The photos and video posted to Twitter by user @foxytaughtyou purportedly show what at first glance looks like a sprinkler head. However, a closer look revealed a small camera lens, the Twitter user said.

She said she found 10 such “hidden cameras” throughout the house, including one pointing toward the shower in the bathroom, as well as one in the bedroom.

“Luckily it was a girls trip so I wasn’t having intercourse… but I was naked and had to change in this room,” she tweeted.

On TikTok, the woman explains she didn’t notice the supposed cameras at first. After arriving at the Philadelphia Airbnb, she said she and a friend immediately got dressed and went out. But when they came back, they fell asleep on the couch.

“When we woke up in the morning and looked up, we discovered that this was a camera,” she says of a device that looks like a fire sprinkler above the couch. “We got on the chair, on stools and we did a flash test on these sprinklers and they are cameras.”

A “flash test” may refer to a technique popularized by a viral TikTok last year. The video advises people to flash lights into any suspiciously placed smoke detectors, alarm clocks or shower heads.
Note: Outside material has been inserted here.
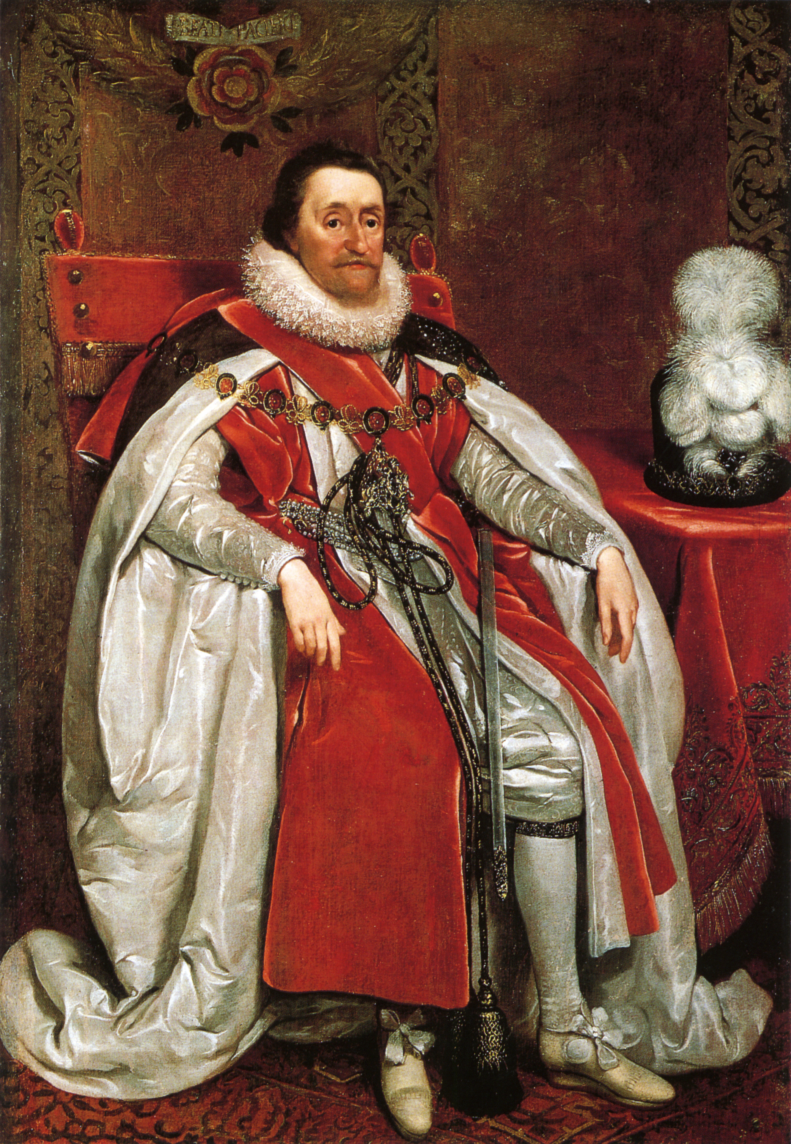 This image is a JPEG version of the original PNG image at File: James I of England by Daniel Mytens.png. Generally, this JPEG version should be used when displaying the file from Commons, in order to reduce the file size of thumbnail images. However, any edits to the image should be based on the original PNG version in order to prevent generation loss, and both versions should be updated. Do not make edits based on this version. See here for more information. King James VI of Scotland and latterly James the first of England, by Daniel Mytens, 1621. National Portrait Gallery: NPG 109 While Commons policy accepts the use of this media, one or more third parties have made copyright claims against Wikimedia Commons in relation to the work from which this is sourced or a purely mechanical reproduction thereof. This may be due to recognition of the "sweat of the brow" doctrine, allowing works to be eligible for protection through skill and labour, and not purely by originality as is the case in the United States (where this website is hosted). These claims may or may not be valid in all jurisdictions. As such, use of this image in the jurisdiction of the claimant or other countries may be regarded as copyright infringement. Please see Commons:When to use the PD-Art tag for more information.See User:Dcoetzee/NPG legal threat for original threat and National Portrait Gallery and Wikimedia Foundation copyright dispute for more information. This tag does not indicate the copyright status of the attached work. A normal copyright tag is still required. See Commons:Licensing.

If a hidden camera is inside, you might see the lens reflect a blue or red light.

Airbnb said it is investigating the guest’s report of hidden cameras. As the company seeks to determine if there were in fact cameras hidden on the property, Airbnb says it has suspended the host and removed the listing from the platform.

“Our policies strictly prohibit hidden cameras and we take forceful action in the exceptionally rare circumstances where this has been reported, including assisting law enforcement to help them hold criminals accountable,” a company spokesperson said in a statement.

While the company allows listings to have surveillance cameras in public areas, like a driveway or front door, it doesn’t allow cameras or other monitoring devices in spaces like bedrooms, bathrooms or living rooms guests might sleep in.